Rereading, it doesn’t seem too spoilery… but you might enjoy playing the game first anyways.

Timeline

  • Summer 2005 (approximately): I discover IF, pore through a bunch of craft/design posts, judge in one IFComp, then mostly forget about IF for a decade or two.

  • Summer 2021: I started working on a Z-machine as a pandemic project, so I was hanging around the forum by this point. My computer tells me that earliest files for the game date back to then. I think I was mostly playing around with the furniture assembly/disassembly code still; there was certainly no real game there yet. (Also, the original working title was Furniture Assembly Simulator; extremely glad I pared that down.)

  • Summer 2022: The overall shame of the game got figured out, and I made an honest go at getting it together for that year’s IFComp. Despite a couple weeks of mid-September crunch, it was pretty clear that I wasn’t going to have anything worth playing at the deadline. I’m very glad I didn’t try and push through at the time… though it killed my momentum on the project, and it saw basically no changes for several months.

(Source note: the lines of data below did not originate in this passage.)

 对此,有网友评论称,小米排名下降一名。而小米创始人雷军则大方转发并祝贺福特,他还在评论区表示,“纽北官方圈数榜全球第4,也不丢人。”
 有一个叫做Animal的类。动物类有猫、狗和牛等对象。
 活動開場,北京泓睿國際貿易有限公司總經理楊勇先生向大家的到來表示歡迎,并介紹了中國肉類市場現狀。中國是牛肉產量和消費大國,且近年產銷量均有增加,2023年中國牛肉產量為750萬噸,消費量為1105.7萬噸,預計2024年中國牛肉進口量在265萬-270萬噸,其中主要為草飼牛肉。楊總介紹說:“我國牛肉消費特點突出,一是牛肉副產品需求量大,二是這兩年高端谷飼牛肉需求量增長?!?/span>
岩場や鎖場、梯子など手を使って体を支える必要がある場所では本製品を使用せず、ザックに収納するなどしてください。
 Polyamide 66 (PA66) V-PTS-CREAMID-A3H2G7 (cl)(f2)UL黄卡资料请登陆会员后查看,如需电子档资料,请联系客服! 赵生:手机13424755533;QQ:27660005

  • Summer 2023: I’d decided to try and polish things up for that year’s comp. It took much longer than I thought still, and some important elements of the design — the wardrobe, the overall puzzle chart — didn’t gel until pretty late. I ended up with just a few weeks for testing, which of course was not nearly enough. Thanks to testers @Doug_Egan, @Scrooge200, and @Keltena for battling through some pretty rough bugs and bad writing… the game is hugely better for it.

Concept

Assembly started with the concept, naturally. I was interested in the way that rituals give a significance to ordinary (and conveniently parser-friendly) actions — didn’t @zarf write something about this? — and the furniture-assembly thing, despite being unforgivably silly, had a bunch of thematic connections that felt solid enough to hold things together. Plus you get a setting for free.

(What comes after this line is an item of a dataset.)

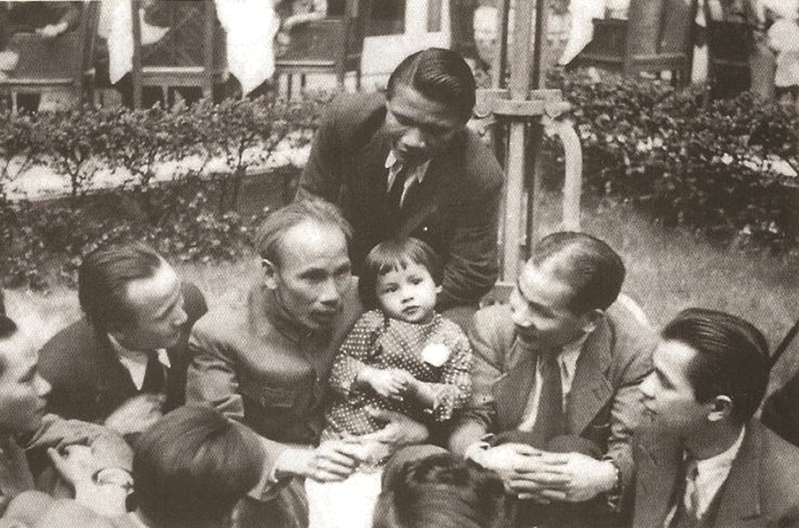 Chủ tịch Hồ Chí Minh gặp gỡ Việt kiều tại Pháp, năm 1946 (Tài liệu lưu trữ Bộ Ngoại giao)
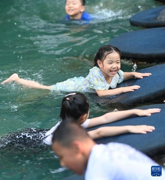 7月5日,小朋友在杭州宋城景區(qū)戲水。

@VictorGijsbers’ review points out another parallel: between following instructions in an instruction booklet and typing out commands from a walkthrough. This was also an important part of the concept for me: “type out commands from the instruction booklet” was there from the very beginning.

However, a problem is: typing commands out from a walkthrough is not inherently very fun. It’s probably not a smart decision to choose an inherently unfun mechanic for your video game, no matter how charming you think the idea is, but I do not always make the smart decisions. So I tried hard to compensate in other ways:

  • Keep the instructions short. Any ritual the player is likely to complete more than once has only a couple steps.
  • Be pretty flexible about input, disambiguation, etc. “Put legs on tabletop” is not really what the instructions say, but the intent is clear, so it’s allowed.
  • Write rich descriptions. I spent a lot of time trying to come up with interesting things to say when assembling the DÖLMEN… that text serves a few different purposes now, but I originally put it in just so the experience wasn’t so dry.

I think this mostly worked out, though there’s certainly more to do.

The Comp

Assembly seems to be the most rated and reviewed parser game for the comp. I don’t have any explanation for this. (Many better games were played less often.)

One particularly bonkers thing to me is that about one in three people who rated the game also reviewed it. And the reviews are overall extremely thoughtful! I mostly didn’t respond to reviews during the comp, but I do want to take the chance now to thank everyone who found something to say about my little game.

And specifically, I’d like to thank folks who wrote critical reviews. Back when I first encountered IF, I was struck by the depth and quality of the theory/craft discussions rattling around the community. Many things have changed since then… but the thoughtful and serious approach folks many folks in this community take to the craft has not, and it’s been a remarkable experience to have my own game carefully taken apart and examined.

Retrospective

This is the first fiction I’ve written in well over twenty years. As far as I can recall, the last thing I wrote for fun was also a fantasy story… but it began with the line

“Aaaaaaaaaaaaaaaaaaaah,” Devlin yelled as he fell into the dragon pit.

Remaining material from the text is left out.